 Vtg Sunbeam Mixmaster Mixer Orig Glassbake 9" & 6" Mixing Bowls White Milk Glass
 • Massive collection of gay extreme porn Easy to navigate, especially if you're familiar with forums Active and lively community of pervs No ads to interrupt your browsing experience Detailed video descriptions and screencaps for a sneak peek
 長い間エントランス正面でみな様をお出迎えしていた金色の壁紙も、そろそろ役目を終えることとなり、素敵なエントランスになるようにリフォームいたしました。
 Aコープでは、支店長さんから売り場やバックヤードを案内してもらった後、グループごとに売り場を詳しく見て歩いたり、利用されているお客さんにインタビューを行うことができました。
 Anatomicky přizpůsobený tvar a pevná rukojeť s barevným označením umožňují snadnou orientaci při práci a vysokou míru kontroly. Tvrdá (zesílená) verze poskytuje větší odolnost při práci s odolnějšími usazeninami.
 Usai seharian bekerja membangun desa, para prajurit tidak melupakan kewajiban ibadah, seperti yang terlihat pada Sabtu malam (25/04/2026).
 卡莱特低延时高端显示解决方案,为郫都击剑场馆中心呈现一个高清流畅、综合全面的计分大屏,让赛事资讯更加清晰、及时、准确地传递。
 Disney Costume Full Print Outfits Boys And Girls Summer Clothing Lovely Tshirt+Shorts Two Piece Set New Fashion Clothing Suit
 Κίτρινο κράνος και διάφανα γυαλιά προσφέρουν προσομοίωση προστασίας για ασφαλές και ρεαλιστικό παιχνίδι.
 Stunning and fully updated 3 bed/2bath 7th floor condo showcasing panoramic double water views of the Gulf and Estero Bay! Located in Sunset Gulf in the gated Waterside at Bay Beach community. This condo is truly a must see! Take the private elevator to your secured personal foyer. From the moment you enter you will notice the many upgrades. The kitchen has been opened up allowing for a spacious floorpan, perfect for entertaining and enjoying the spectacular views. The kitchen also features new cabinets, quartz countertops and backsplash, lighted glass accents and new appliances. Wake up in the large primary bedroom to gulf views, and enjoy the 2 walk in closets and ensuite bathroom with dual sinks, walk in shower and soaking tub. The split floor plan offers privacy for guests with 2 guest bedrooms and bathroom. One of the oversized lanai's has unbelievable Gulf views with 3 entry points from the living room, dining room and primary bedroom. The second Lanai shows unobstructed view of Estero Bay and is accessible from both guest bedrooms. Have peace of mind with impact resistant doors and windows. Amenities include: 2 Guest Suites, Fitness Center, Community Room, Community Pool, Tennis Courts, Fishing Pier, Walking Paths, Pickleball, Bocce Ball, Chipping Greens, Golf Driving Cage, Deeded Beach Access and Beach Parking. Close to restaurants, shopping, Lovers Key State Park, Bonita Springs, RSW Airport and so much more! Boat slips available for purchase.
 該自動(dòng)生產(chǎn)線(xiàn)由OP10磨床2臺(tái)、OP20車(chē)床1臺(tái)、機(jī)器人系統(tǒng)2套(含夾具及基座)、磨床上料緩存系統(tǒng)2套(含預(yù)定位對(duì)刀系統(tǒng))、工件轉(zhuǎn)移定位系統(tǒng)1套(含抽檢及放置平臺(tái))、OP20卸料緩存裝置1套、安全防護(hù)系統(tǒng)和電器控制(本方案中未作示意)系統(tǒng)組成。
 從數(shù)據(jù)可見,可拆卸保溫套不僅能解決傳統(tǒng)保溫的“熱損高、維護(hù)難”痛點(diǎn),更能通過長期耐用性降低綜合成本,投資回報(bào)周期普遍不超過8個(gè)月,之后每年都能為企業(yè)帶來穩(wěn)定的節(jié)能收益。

======

Brief:
Go to the line with "長い間エントランス正面でみな" in the entries above and repeat every line from there through the line with "Aコープでは、支店長さんから", exactly and with no other text.

Expected output:
 長い間エントランス正面でみな様をお出迎えしていた金色の壁紙も、そろそろ役目を終えることとなり、素敵なエントランスになるようにリフォームいたしました。
 Aコープでは、支店長さんから売り場やバックヤードを案内してもらった後、グループごとに売り場を詳しく見て歩いたり、利用されているお客さんにインタビューを行うことができました。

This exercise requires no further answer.